KİM NEREDE NE YEDİ?"Ayda bir kaç kez Köşebaşı’na giderim"Michel Beyls (Başahçı)
Dışarıda son yemek yediğimde Köşebaşı’na gittim. Başlangıç olarak çeşitli Türk mezeleri seçtim. Ardından da ana yemek olarak Adana kebap yedim. Köşebaşı’nın yemeklerini gerçekten çok lezzetli ve başarılı buluyorum. Servisini de çok beğeniyorum. Atmosferi çok hoş; rahat ve düzeyli bir lokanta. Oraya gelen müşterilerin kalitesi de lokantanın atmosferine çok uygun. Köşebaşı ucuz bir lokanta değil, ama bence fiyatları karşılığında aldığınız hizmet ve kaliteye kıyasla makul. Her hafta olmasa da, ayda birkaç kez Köşebaşı’na gittiğimi söyleyebilirim.
"Dışarıda yediğimde Changa’yı tercih ederim"Gönül Paksoy (Tasarımcı)
En son bir arkadaşımla Changa’ya gittim.

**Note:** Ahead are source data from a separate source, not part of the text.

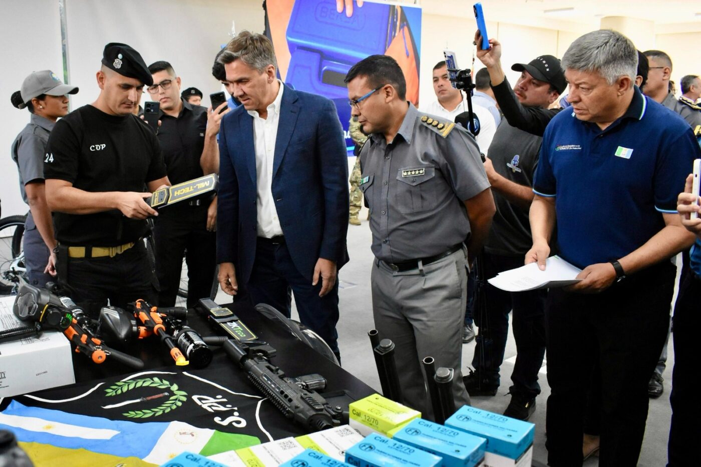 EL GOBERNADOR ZDERO ENTREGÓ EQUIPAMIENTO, PRESENTÓ LA UNIDAD CICLISTA DE ACCIÓN RÁPIDA Y LAS ARMAS NO LETALES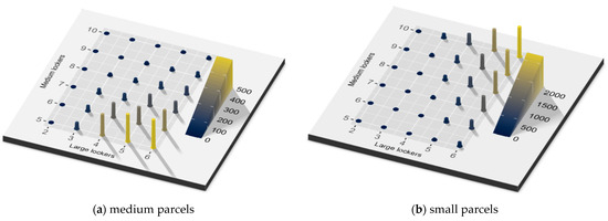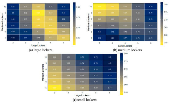 - Utilization patterns and spatial efficiency: While flexibility in locker allocation helps manage excess demand in some configurations, it may also create resource competition among parcel types. Large lockers show a central-to-peripheral utilization gradient, while medium and small lockers display bidirectional utilization gradients but in opposite trends. This nonlinear relationship underscores that optimal APLs configurations must balance absolute locker counts with their size-dependent functional interdependencies.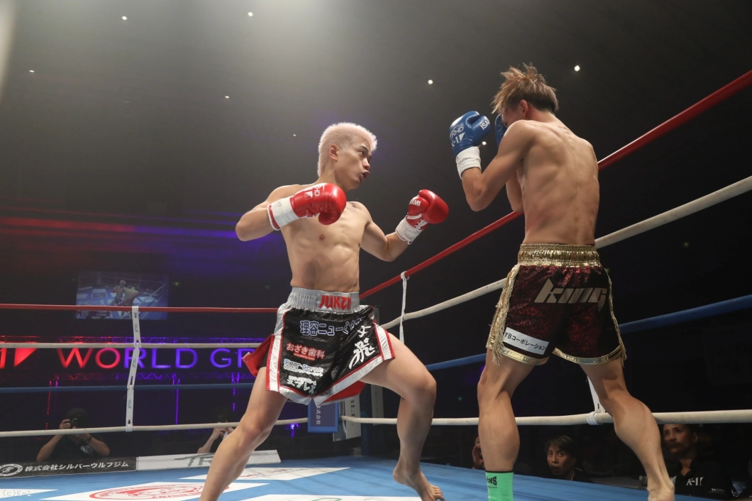 3R、堀井は前へ出て右のパンチ、ローキックで連続攻撃。岩KINGは左のカウンターを狙うも、これは不発に。堀井は右で入りながら、左のパンチ、右のローキックのコンビネーション。岩KINGは右を返すも、堀井はパンチ連打で一歩も引かない。攻め続ける堀井。クリンチからのヒザ蹴りで注意を受ける岩KING。判定勝負となり、堀井が3-0のユナニマス勝利をものにした。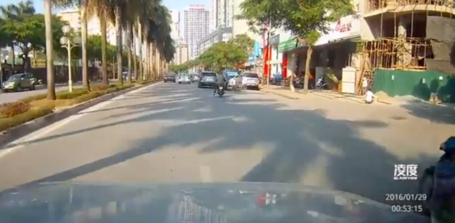 Khi chiếc CX5 di chuyển qua Trung tâm tiệc cưới Vạn Hoa tại số 89 Lê Đức Thọ (Mỹ Đình) thì tài xế đánh lái hất văng một người đi xe máy xuống đường.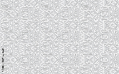 Ethnic convex volumetric wallpaper from a 3D pattern in the style of doodling. White embossed background from geometric shapes. Texture for presentations, websites.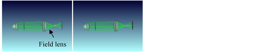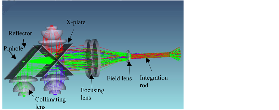 RGB light from LEDs is collimated by micro objective, then overlapped by an X-plate, focused into integration rod. Decoherenced green Lasers are imported from the pinhole in the reflector plate, as depicted in Figure 1. Both Lasers and LEDs have the same optical axis. Unlike conventional design, field lens are added at the focal plane , which is near the entrance of the integration rod, as depicted in Figure 2. Because the field lens are at the position of the image place of LEDs, so they have a very small impact on the features of the image such as size, angle and Etendue.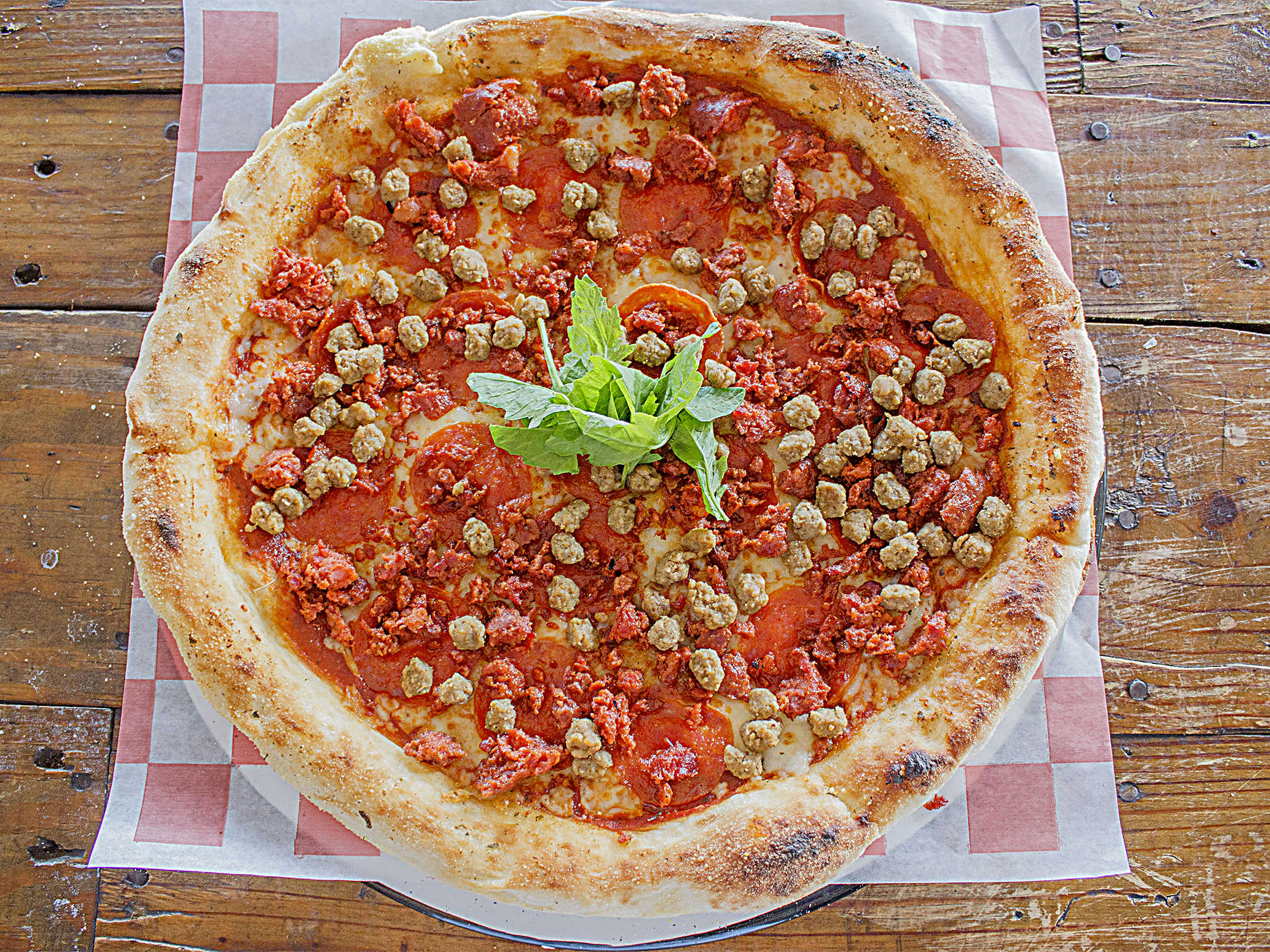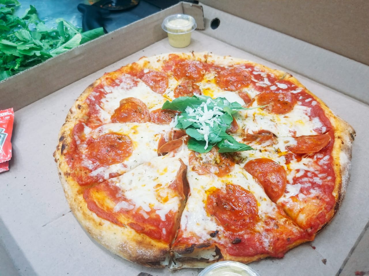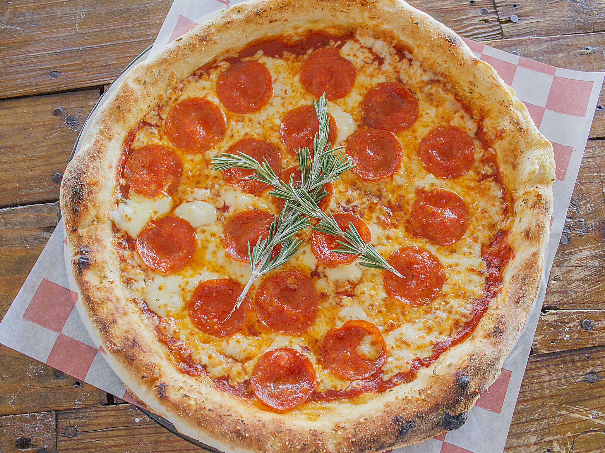 Masa crujiente, queso mozarella, peperoni, marinara casera

Changa çok rafine, son derece özenle hazırlanmış bir mekan. Eskiyle yeniyi çok hoş bir şekilde birleştirmişler. Çok zarif bir servisi var. Antre olarak asma yaprağında ızgara edilmiş hellim peyniri, ardından da soğanlı kuzu sırtı ve balkabaklı creme brulée yedim. Kırmızı şarap içtim. Bu yemekleri daha önceden bildiğim ve beğendiğim için seçmiştim. Bence üçü bir numaralı antre, ana yemek ve tatlı. Changa’nın sade bir mönüsü var, bu çok hoşuma gidiyor. Changa sürekli tercih ettiğim bir yer olduğu için oraya ailemle de, arkadaşlarımla da gidiyorum.
"Lades’in zeytinyağlılarını çok beğeniyorum"Mehmet Çağçağ (Karikatürist)
Bu hafta mimar bir arkadaşımla birlikte Beyoğlu’ndaki Lades’e gittim. Orası Türk ev yemekleri yapan bir lokanta. Lades’te ilk önce iki tane enginar yedim. Sonra biraz bekleyip sakızlı muhallebi ısmarladım. Muhallebiyi orada çok güzel yapıyorlar. Lades’in zeytinyağlılarını da çok beğeniyorum. Beyoğlu Lades gazeteci, televizyoncu, yayıncı, yazar, tiyatrocu gibi insanların gittiği bir yer. Bir de oranın esnafı gidiyor. Bu çeşitlilik çok hoşuma gidiyor; hem yemekleri beğendikleri için kültür camiasından bir sürü insan hem de orayı çok seven ve hastası olan esnaf gidiyor Lades’e.